Marlon Brando didn’t wear a leather jacket just to look cool either (although let’s face it he did). Bikers from time immemorial have chosen leather because it works when you’re sliding down the road. But you can also go with textile jackets and trousers, although jeans are infinitely better than shorts.
Buy yourself a decent pair of boots too, there are 26 bones and 33 joints in the average foot and not one of them enjoys having a few hundred pounds of bike dropped on them. The basic rule of thumb with motorcycle clothing is an obvious one, buy gear that’s going to save your skin, whether it’s from a Harley Boutique or an army surplus store. Just make sure it’s compatible with your bike and riding style.
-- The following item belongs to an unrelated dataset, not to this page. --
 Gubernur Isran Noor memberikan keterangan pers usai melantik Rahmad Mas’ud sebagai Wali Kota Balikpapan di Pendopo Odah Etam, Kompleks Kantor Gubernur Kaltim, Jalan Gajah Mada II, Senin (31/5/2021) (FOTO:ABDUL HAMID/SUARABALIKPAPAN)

I know you can get Bluetooth equipped helmets these days, there’s even one on the market that boasts head-up display. But if you can bare to be surgically separated from your iPhone, try riding without any self-induced distractions. This will allow you to concentrate on what’s unfolding before you. You never know, you may even prefer it.
There’s a whole host of advanced rider courses that will teach you how to do this properly, but basically driving defensively is the ability to read the road ahead. Don’t just look at your headlight rim. Your gaze should be constantly shifting, watching out for the truck coming out of that side road, or the car breaking sharply three vehicles ahead. Getting into the habit of rolling off the throttle and covering the brake can make a big difference in your reaction time in the event of a potentially hazardous situation.
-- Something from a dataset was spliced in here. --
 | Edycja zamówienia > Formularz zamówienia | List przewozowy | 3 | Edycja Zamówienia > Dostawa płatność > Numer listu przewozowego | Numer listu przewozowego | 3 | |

Regardless of where you live or what you ride, if things get gnarly and you lose control of your bike, you’ve got milliseconds to react before you kiss the sidewalk. Getting some off-road rider training can help you immeasurably with this. Just look at how many Dirt Track champions go on to dominate MotoGP’s. Why? Because when the front-end slides away or the back end locks up, they’ve been taught not to panic and how to correct it.
The more miles you put under your wheels the more confident you’ll become and the more you’ll get to know your bike. Becoming familiar with the way your ride performs and how you respond to it in various situations, will allow you to relax when riding.
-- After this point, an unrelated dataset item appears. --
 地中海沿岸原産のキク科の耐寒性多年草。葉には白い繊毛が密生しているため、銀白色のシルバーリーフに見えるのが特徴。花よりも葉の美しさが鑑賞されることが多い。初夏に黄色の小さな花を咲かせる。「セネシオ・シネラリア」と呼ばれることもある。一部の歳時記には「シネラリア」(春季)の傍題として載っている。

This is really important because a relaxed body is a focused one and will react faster, because you're not having to overcome tense muscles before executing an action. Just ask any boxer.
Don't kid yourself into thinking that taking the rudimentary testing to get a full license instantly turns you into a capable rider. It doesn't, it just means you're legally ready. If possible, take an additional training course. Depending on what State you live in, these can range from a couple of hundred bucks to totally free. It might be the wisest money you've ever spent.
This is yet another staggeringly obvious one, but if we’re talking about safety tips, I’m obliged to mention it, so here it goes. Don’t ride drunk or drugged. According to the NHTSA, 42% of fatal bike accidents where no other vehicle was involved, tested over the legal limit.
And last but not least, and even though the majority of bikers also drive cars and trucks, if you want to make it out there in the big bad world, assume that everyone else on the road is an idiot. Don’t believe they’re going to make decisions that take your safety into account. Anticipate, be aware, react, don’t tailgate and don’t speed. And if you can do all that and still enjoy it, you’re ready to join an army over nine million strong.
Finally, if anyone tells you that there’s old bikers and bold bikers, but there aren’t many old bold bikers, don’t believe them.